Depending on your background and experience, negotiating can either be a great part of the job of a domain investor or it can be one of the worst aspects. I think it is expected that negotiating with a buyer or a seller is one of the most necessary aspects of domain investing. People have different negotiation strategies, and there are many factors that go into choosing the right strategy.
I saw a Harvard Business Review article about negotiation strategy that I thought I would share with you. The HBR article discusses some research done to see if a strategy of being nice is better or worse in a negotiation than being firm and tough.
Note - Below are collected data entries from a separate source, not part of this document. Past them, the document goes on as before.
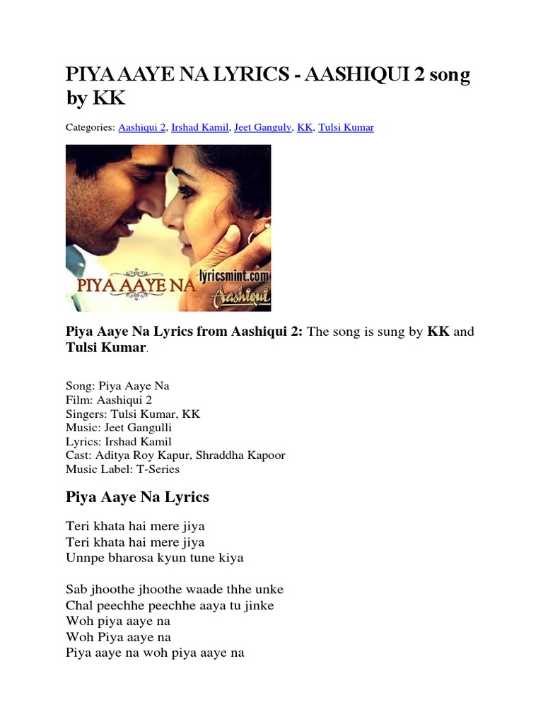 Aashiqui 2 Songs Lyrics In English Aashiqui 2 Songs Lyrics In English - Aashiqui 2 songs sun raha hai lyrics with english meaning translation.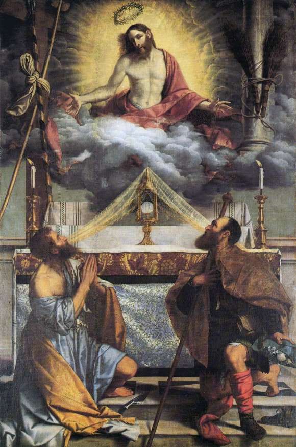 Il trionfo di Pasqua resta, così, intimamente intrecciato allo svuotamento del Venerdì santo, nel continuum di un unico mistero di salvezza dilatato nel tempo. Ma è notevole che questo beneficio di grazia non sia relegato in un oltremondo inaccessibile. Il Cristo di Moretto discende dall’alto del suo regno celeste fin quasi ad adagiarsi su un altare in tutto simile a quello delle celebrazioni nelle chiese. E al centro della mensa eucaristica, che coincide con il centro geometrico del dipinto, spicca l’ostensorio con il candido disco dell’ostia messo in piena evidenza, oggetto del culto e della preghiera devota a cui la comunità dei parrocchiani veniva incisivamente richiamata. Nell’atto dell’affidamento fiducioso alla protezione risanatrice di Cristo sono gli stessi santi titolari della chiesa del luogo, i più cari alla devozione collettiva, a piegarsi in segno di ammonimento esemplare. Inginocchiati ai piedi dell’altare, rivolgono a Cristo il loro sguardo supplichevole, oppure a lui rinviano con il cenno della mano che indica. Il centro a cui riconoscere l’autentico primato sta sopra di loro. E questo centro si rende incontrabile, comunica sé stesso e diventa pilastro di appoggio a cui sostenersi nel segno concreto del santo sacramento del suo corpo passato attraverso la morte e ritornato a una vita più vera.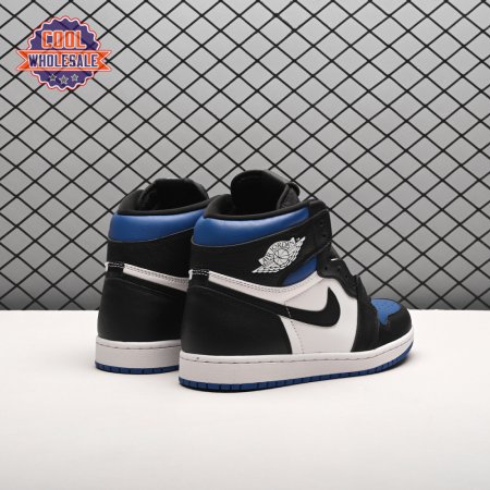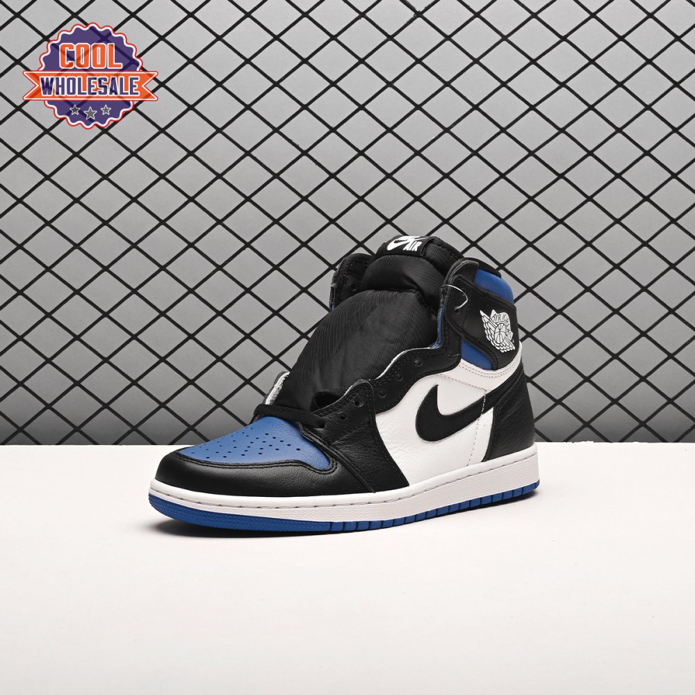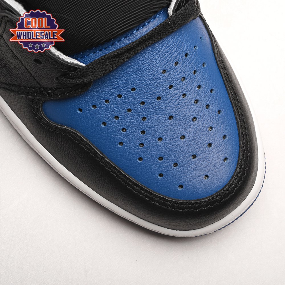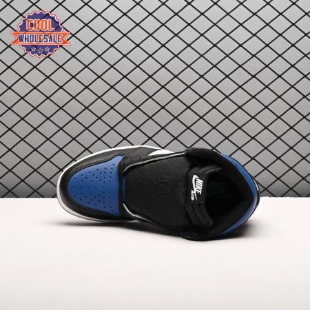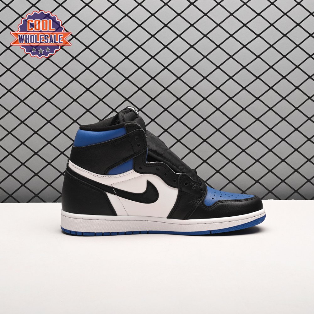 The Air Jordan 1 Retro High OG 'Royal Toe' applies a familiar blend of colors to the iconic silhouette. The all-leather upper features a white base with contrasting black overlays and pops of Game Royal at the collar, toe box and rubber outsole. A lightly padded nylon tongue in black is topped with a Nike Air tongue tag, while the classic Jordan Wings logo appears in white on the lateral collar flap.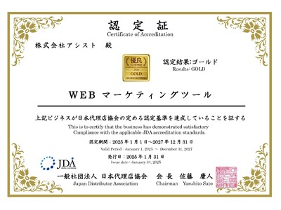 WEBシステムやAI機能の開発、SEO対策やMEO対策、WEB制作やSNS集客支援からサポートまでをワンストップで提供する株式会社アシスト(本社:東京都千代田区、代表取締役:宇井和朗以下、アシスト)が、2025年1月31日、一般社団法人日本代理店協会が主催する「優良ビジネス認定2025」において、最高位であるゴールド認定を受賞したことをお知らせします。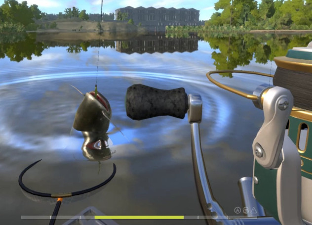 岸やボートに近いところまで魚を引っ張り、「RMB」(右マウスボタン)を押しながらロッドを持ちあげ、「SPACE」を押してランディングネットを取り出してそれで魚をキャッチします。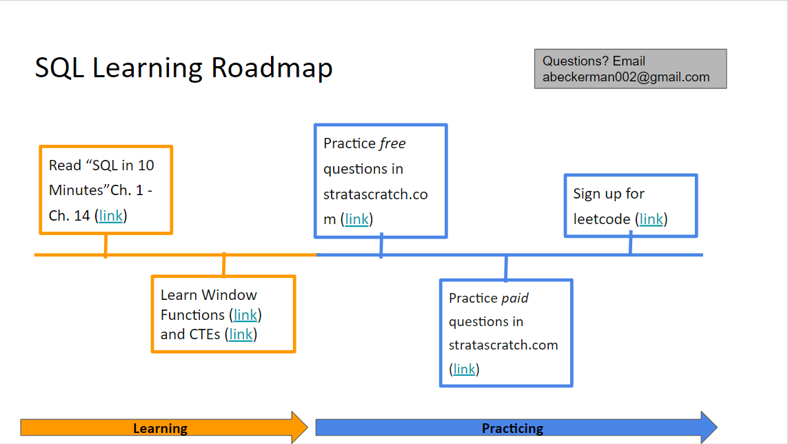 In this post, I provide a roadmap for learning SQL. After spending countless years grudgingly combing through many SQL learning resources I’m excited to share with you what I think is the best way to learn SQL. I should also note I learned SQL in the context of landing a data analytics supporting business type role (marketing analytics/sales strategy), so if you’re interested in getting into that field this post will be especially helpful!

These researchers created a fake, gender-neutral persona to ask Craigslist sellers for 80% discounts via email. Warm and friendly emails got less rejections — but they were also more likely to be ignored. https://t.co/ZglKTbbyaF
— Harvard Business Review (@HarvardBiz) September 9, 2019
You should take some time to read the entire article, but here’s an excerpt:
“We found that warm and friendly messages were just as likely to elicit a counteroffer as tough and firm messages (around a 31% probability in either case). But whereas firm messages got more active rejections, or outright no’s (24%), than warm messages (14%), warm messages were more likely to be completely ignored (54%) than firm messages (45%). And in this kind of online context, it’s arguably better to get an active rejection than to simply be ghosted, because with a rejection you at least get a response that you can then try to negotiate on.
When sellers did offer a discount, it was larger when Riley’s message was tough and firm. In particular, sellers were more willing to accept the 80% discount offer when it came from a tough buyer (about 13%) than from a friendly buyer (less than 9%). Because the average phone price in our sample was $435, these results imply that the tough and firm requests generated $35 more savings per phone than the warm and friendly requests.
It appears that being firm can sometimes lead to better deals, at least in a distributive negotiation, than being warm.”
While the research was done with people buying phones, I think it can be applied to negotiating to buy or sell a domain name as well.
Negotiating to buy or sell a domain name can be stressful for some people. It can also be one of the most exciting or thrilling aspects of domain name investing. It would benefit domain investors to read articles and studies about negotiation tactics and strategy to determine the best way to sell their domain names.
AWESOME read Elliot. I’m thinking that somewhere between “Firm” and “Warm”, there’s a need tor “tact” and a “sixth sense” about the buyers limits.
My (one of my) dilemmas has always been trying to set a price, “what will you sell it for?” I usually ask them to submit an offer. I sell fairly often (Lot.us, $3,500 a couple of weeks ago) but I’m learning. Learned a LOT from your Blog, thanks. Also, I’m of the impression that the most common way by far for people looking for a name is to put it in the address bar and see what happens. With that in mind, I’m making a slew of landers with Godaddys GoCental, i.e. http://petsyes.com
Even if it were true, who could buy that many domains to reach the numbers where this statistical ratio would get into effect? Domain deals which can be ruled by statistics are mostly being done through BIN listings and no direct contact. Everything beyond that is an art.
Friendly but firm.
friendly and tough I would say.. that’s what Namecheap is.